» **Your assignment**:
Your output should be exactly the lines from the one containing "2年生が、体育の授業でAED" through the final line of the records, both included, with every picture left out.

Collection entries

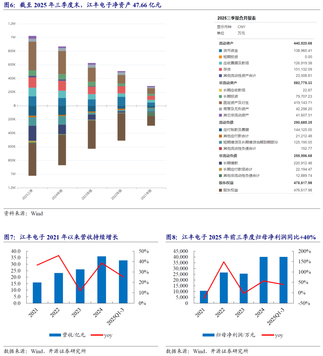 根据业绩快报,2025年实现营收46.05亿元,同比增长27.75%;归母净利润4.81亿元,同比增长20.15%。2025年度,受益于人工智能、5G通信、云计算、机器人、交通运输等下游需求的持续增长,全球晶圆及芯片产量相应提升,并不断向先进制程方向发展,带动了公司超高纯金属溅射靶材的收入增长。同时,经过多年布局,公司半导体精密零部件基地已陆续投产,半导体精密零部件产品线迅速拓展,另外得益于供应链本土化进程的加速,公司第二增长曲线半导体精密零部件产品持续放量。目前黄湖靶材工厂主体工程建设顺利、设备正逐步入驻调试,为靶材业务的增长、更好地服务客户夯实基础。
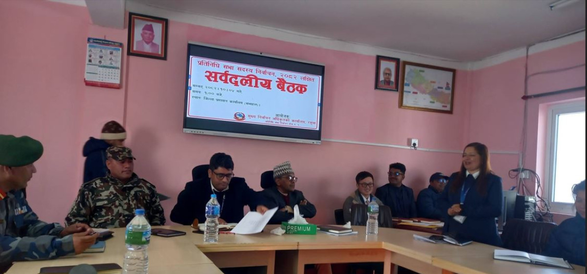 जिल्ला प्रशासन कार्यालयद्वारा आयोजित सो बैठक मुख्य निर्वाचन अधिकृत ध्रुवप्रसाद उप्रेतीका अध्यक्षतामा सम्पन्न भएको थियो । बैठकमा निर्वाचन तालिका र सहमति अनुसार राजनीतिक दल अगाडि बढ्ने,स्थानीय प्रशासकले सुरक्ष व्यवस्था सुदृढ पार्ने, जस्ता विविध विषयमा छलफल भएको थियो । जिल्लामा ४१ हजार चार सय ७१ मतदाताले आफ्नो मताधिकार प्रयोग गर्ने बताइएको छ ।
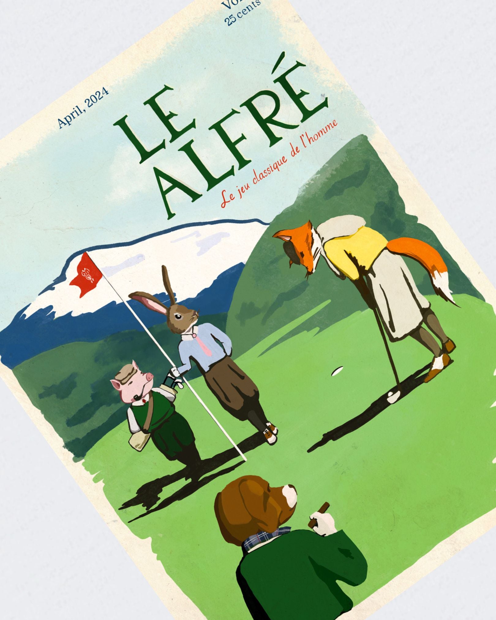 Inspired by the heritage of the classic gentleman's game, or in Alfré's words, "Le jeu classique de l'homme" this limited edition graphic tee depicts the timeless elegance and rich history of golf through the iconic vintage golf ads from the 1900s. A cool & playful design with intricate detailing of vintage golf clubs and attire, to the lush greens of the course and beautiful views. A timeless game and style of sportsmanship, etiquette, and integrity.
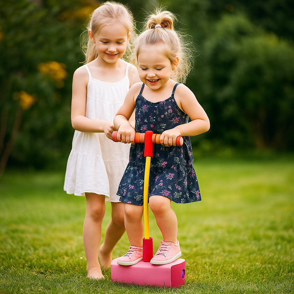 Pogo-hopparen ger barnen glädje genom rörelse, samtidigt som föräldrar kan känna sig trygga med säkerheten. Den halkfria fotbasen och det greppvänliga skumhandtaget ger stabilitet – oavsett om det är på kakel, matta eller gräs.
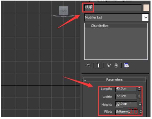 7、選擇創建出來的這個物體,在modify里修改名字為扶手,參數修改如圖所示:
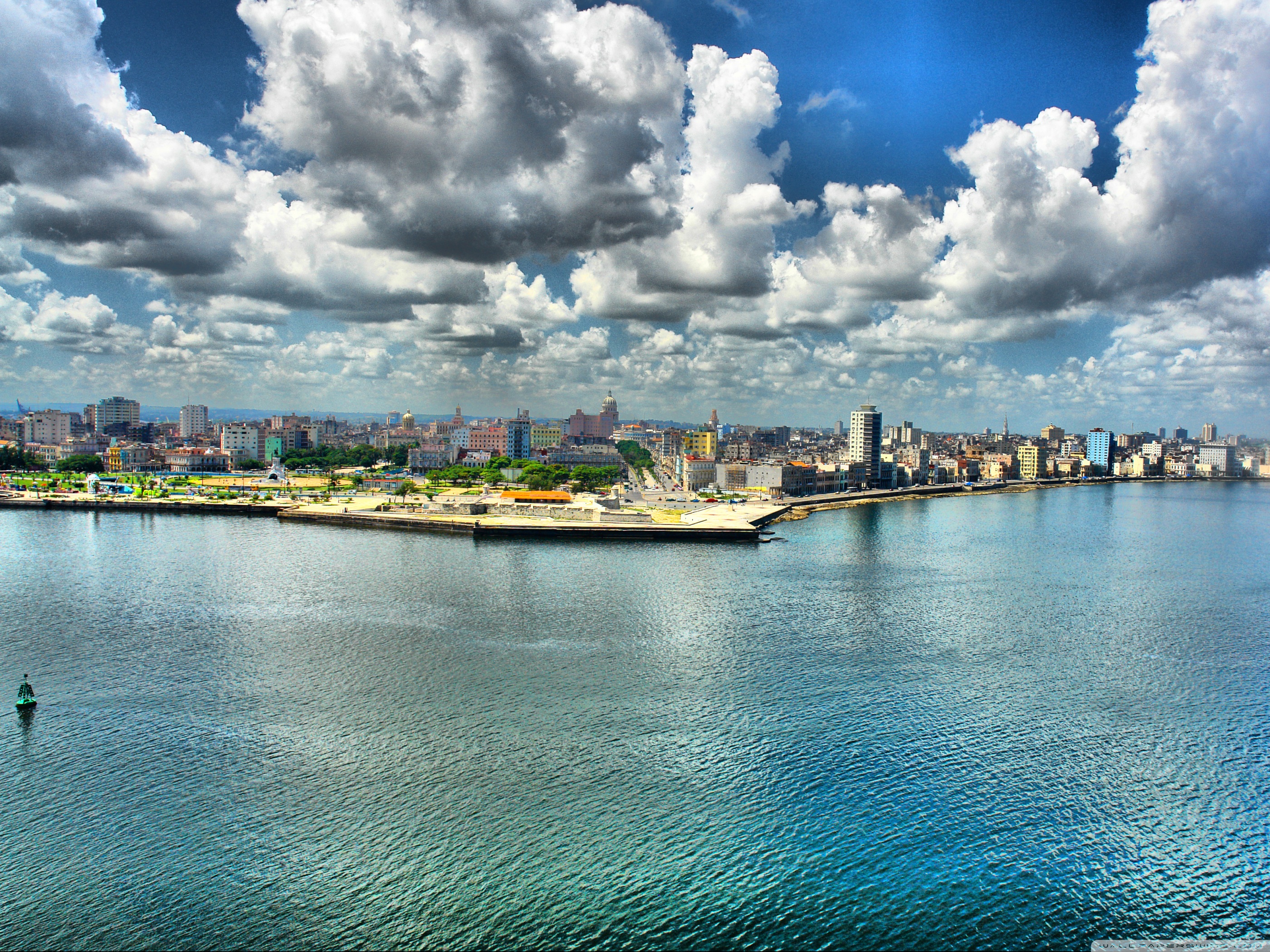 Description: A body of water with a city in the background and clouds in the sky above it and a person in a green boat.
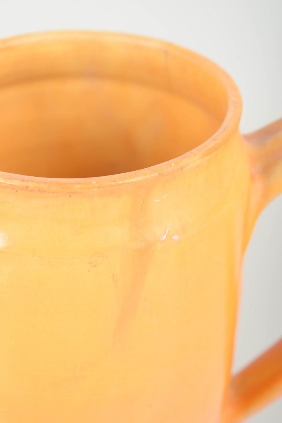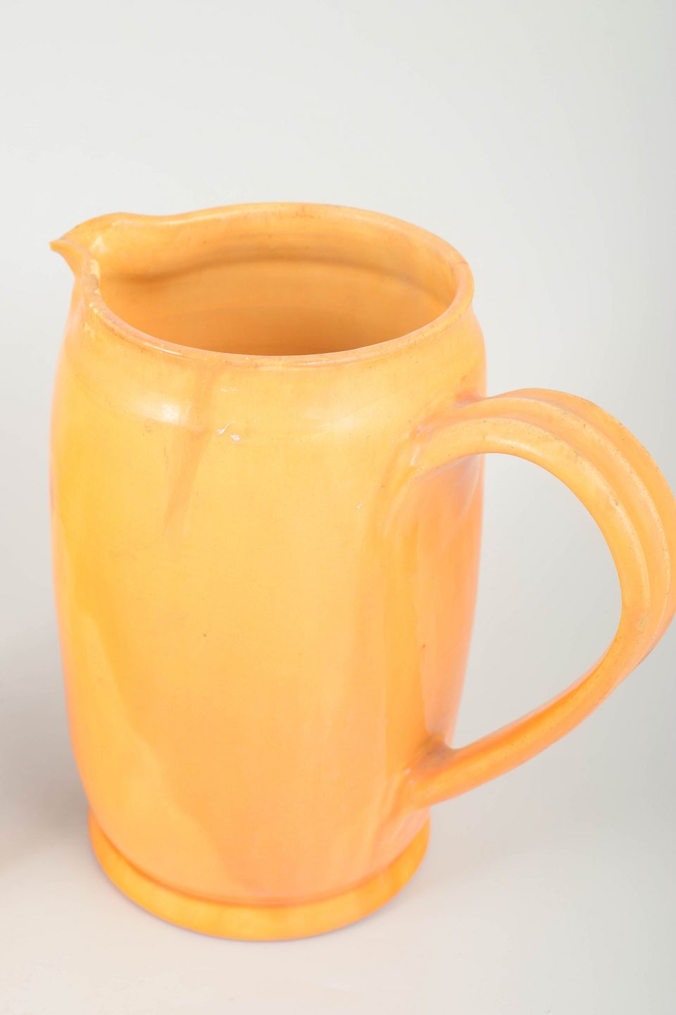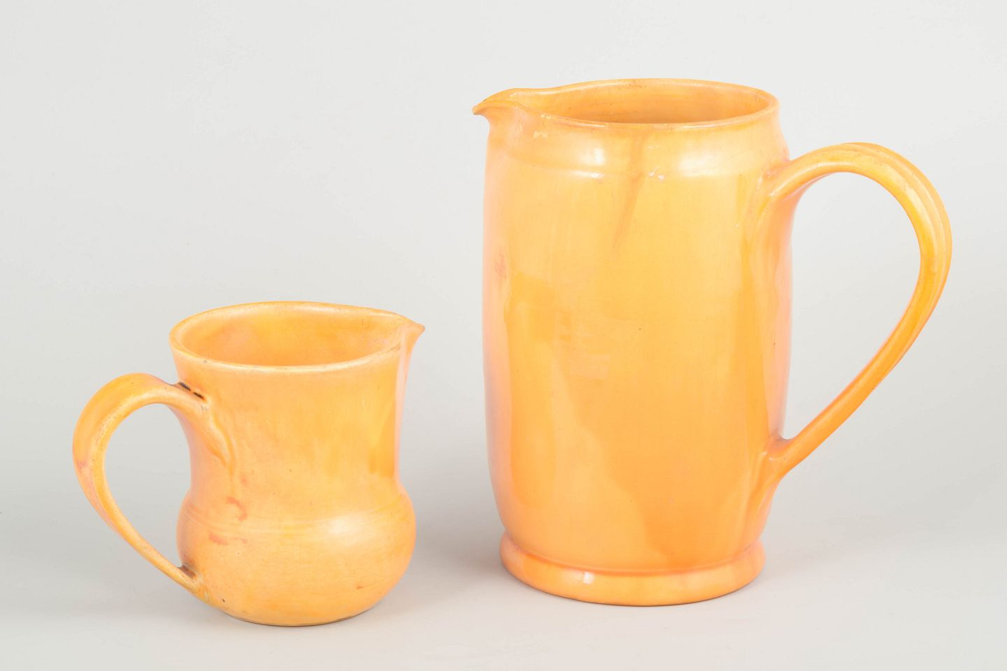 To store hånddrejede keramik-kander i Kählers karakteristiske gul-orange glasur fra 1930’erne. Begge med markante svungne hanke og blød cylindrisk form. Klassiske brugskrukker fra perioden.
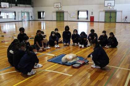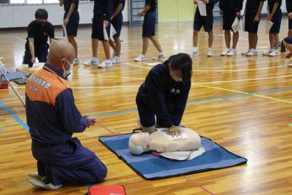 2年生が、体育の授業でAED講習を行いました。消防署員とインストラクターをお迎えし、体育館で行いました。
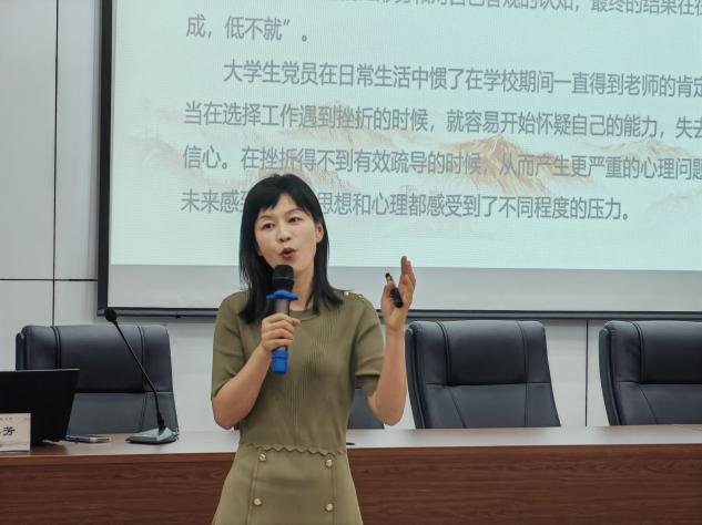 陈小芳老师以“大学生党员的心理调适”为主题,带领学员们学习如何缓解紧张和焦虑情绪,有效应对学习和工作中的多重压力。陈小芳老师还指出要重视自身心理发展健康,不断提升心理素质,以更加健康、积极的心态面对学习和生活中的挑战,为服务同学、践行党员责任贡献自己的力量。

» **Answer to this task**:
 2年生が、体育の授業でAED講習を行いました。消防署員とインストラクターをお迎えし、体育館で行いました。
 陈小芳老师以“大学生党员的心理调适”为主题,带领学员们学习如何缓解紧张和焦虑情绪,有效应对学习和工作中的多重压力。陈小芳老师还指出要重视自身心理发展健康,不断提升心理素质,以更加健康、积极的心态面对学习和生活中的挑战,为服务同学、践行党员责任贡献自己的力量。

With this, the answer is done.